Cardiomyocytes injury caused by sepsis is a complication of common clinical critical illness and an important cause of high mortality in intensive care unit (ICU) patients. Therefore, lipopolysaccharide (LPS)-induced H9c2 cells were used to simulate the cardiomyocytes injury in vitro. The aim of this study was to investigate whether X-box binding protein 1 (XBP1) exacerbated LPS-induced cardiomyocytes injury by downregulating Xlinked inhibitor of apoptosis protein (XIAP) through activating the NF-κB signaling pathway. After transfection or LPS induction, XBP1 expression was detected by RT-qPCR analysis and Western blot analysis. The viability and apoptosis of H9c2 cells was detected by MTT assay and TUNEL assay. The protein expression related to apoptosis and NF-κB signaling pathway was detected by Western blot analysis. The inflammation and oxidative stress in H9c2 cells was evaluated by their commercial kits. Dual-luciferase reporter assay and chromatin immunoprecipitation (CHIP) assay were used to determine the combination of XBP1 and XIAP. As a result, LPS promoted the XBP1 expression in H9c2 cells.
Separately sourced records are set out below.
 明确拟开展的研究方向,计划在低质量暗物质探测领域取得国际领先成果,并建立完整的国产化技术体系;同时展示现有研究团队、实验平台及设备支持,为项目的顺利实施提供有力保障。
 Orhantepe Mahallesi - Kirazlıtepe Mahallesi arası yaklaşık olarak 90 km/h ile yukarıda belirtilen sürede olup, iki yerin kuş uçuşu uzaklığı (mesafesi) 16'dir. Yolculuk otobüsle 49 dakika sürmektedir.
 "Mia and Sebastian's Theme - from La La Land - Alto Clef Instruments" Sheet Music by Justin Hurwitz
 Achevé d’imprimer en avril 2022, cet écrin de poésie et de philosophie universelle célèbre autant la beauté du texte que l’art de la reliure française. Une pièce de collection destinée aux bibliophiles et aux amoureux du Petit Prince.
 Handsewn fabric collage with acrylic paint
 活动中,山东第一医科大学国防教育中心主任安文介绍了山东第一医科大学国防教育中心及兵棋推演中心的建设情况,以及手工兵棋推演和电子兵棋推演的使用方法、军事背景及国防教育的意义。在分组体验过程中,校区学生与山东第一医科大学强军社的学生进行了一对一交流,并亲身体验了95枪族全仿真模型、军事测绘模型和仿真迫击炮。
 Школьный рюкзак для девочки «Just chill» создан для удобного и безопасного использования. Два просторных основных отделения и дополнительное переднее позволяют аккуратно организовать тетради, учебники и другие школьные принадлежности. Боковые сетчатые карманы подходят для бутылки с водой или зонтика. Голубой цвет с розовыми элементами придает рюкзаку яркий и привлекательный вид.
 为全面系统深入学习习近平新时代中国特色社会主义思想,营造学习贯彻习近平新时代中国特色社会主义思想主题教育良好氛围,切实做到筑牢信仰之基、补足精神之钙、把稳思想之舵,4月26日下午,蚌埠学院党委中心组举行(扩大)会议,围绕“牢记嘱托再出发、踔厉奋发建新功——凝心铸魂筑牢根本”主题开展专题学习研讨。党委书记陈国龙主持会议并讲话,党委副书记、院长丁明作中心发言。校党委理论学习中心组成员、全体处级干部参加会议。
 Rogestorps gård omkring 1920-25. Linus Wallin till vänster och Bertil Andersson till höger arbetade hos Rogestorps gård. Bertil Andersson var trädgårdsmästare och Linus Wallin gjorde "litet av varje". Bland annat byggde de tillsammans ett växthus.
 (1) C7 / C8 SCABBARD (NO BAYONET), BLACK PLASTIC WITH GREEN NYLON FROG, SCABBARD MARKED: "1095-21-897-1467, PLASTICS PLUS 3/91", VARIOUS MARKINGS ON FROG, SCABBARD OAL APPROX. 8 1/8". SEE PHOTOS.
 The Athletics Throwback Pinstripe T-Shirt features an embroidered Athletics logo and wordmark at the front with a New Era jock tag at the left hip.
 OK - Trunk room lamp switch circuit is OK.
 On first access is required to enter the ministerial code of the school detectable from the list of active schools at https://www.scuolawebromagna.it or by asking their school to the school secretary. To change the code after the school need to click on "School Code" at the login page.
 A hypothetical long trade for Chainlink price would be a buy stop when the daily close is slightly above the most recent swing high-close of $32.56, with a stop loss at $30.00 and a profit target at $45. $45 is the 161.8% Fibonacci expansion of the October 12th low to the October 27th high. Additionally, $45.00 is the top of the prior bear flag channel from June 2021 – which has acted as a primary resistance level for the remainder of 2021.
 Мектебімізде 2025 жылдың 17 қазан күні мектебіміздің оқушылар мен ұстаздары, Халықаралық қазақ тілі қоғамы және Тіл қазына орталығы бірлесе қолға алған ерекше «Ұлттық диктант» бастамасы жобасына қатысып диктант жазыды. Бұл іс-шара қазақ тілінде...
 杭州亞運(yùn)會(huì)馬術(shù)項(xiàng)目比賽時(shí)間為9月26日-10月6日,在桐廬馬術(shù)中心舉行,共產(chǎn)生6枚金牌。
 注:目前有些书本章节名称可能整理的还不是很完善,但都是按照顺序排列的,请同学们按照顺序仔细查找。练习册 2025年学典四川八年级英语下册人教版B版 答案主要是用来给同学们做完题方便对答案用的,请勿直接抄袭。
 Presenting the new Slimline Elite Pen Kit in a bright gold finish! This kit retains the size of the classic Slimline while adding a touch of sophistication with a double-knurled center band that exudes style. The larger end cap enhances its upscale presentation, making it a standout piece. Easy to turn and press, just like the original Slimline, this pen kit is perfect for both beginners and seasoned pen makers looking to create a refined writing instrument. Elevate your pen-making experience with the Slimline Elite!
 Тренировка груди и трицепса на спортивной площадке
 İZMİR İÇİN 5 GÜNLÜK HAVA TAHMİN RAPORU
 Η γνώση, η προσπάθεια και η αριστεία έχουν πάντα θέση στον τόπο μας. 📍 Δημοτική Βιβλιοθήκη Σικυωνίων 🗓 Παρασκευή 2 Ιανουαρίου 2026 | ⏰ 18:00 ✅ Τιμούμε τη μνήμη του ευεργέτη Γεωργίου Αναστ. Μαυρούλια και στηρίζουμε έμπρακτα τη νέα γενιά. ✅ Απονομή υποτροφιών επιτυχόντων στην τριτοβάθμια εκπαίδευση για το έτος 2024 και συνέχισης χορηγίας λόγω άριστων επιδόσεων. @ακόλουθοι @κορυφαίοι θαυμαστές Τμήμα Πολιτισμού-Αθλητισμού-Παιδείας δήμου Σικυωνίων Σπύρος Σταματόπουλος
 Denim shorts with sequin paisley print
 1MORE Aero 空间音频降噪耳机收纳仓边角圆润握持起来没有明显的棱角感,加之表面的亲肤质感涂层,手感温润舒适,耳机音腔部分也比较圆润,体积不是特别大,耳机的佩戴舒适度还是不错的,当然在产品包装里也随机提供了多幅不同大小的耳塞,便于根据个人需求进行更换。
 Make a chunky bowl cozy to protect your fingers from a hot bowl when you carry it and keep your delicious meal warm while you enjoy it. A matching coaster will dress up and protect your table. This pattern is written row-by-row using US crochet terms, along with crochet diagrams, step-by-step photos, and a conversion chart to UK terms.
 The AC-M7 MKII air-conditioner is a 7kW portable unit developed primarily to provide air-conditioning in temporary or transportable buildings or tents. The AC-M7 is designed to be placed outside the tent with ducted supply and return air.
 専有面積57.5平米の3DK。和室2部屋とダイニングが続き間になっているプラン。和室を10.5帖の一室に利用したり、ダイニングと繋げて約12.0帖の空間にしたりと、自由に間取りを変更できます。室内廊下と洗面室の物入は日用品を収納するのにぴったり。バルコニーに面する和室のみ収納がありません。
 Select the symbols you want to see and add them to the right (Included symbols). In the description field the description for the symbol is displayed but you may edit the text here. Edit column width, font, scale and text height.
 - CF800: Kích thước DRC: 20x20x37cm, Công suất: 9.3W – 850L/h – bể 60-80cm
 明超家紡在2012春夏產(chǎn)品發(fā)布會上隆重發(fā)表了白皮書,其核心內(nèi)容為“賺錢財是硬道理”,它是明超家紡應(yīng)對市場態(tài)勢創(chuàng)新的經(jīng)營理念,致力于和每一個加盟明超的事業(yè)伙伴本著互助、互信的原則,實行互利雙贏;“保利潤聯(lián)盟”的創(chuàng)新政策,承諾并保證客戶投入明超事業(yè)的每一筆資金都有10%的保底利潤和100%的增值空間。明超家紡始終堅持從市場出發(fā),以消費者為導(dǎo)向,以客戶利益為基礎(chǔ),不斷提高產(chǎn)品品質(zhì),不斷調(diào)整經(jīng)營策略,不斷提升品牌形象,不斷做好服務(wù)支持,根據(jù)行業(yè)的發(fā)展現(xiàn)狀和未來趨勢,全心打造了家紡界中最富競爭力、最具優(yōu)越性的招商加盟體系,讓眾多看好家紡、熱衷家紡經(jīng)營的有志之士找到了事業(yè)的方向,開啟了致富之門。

XBP1 was combined with XIAP. Inhibition of XBP1 increased viability, and inhibited apoptosis, inflammation, and oxidative stress of LPS-induced H9c2 cells by suppressing the NF-κB signaling pathway, which was partially reversed by the inhibition of XIAP. In conclusion, inhibition of XBP1 alleviates LPS-induced cardiomyocytes injury by upregulating XIAP through suppressing the NF-κB signaling pathway.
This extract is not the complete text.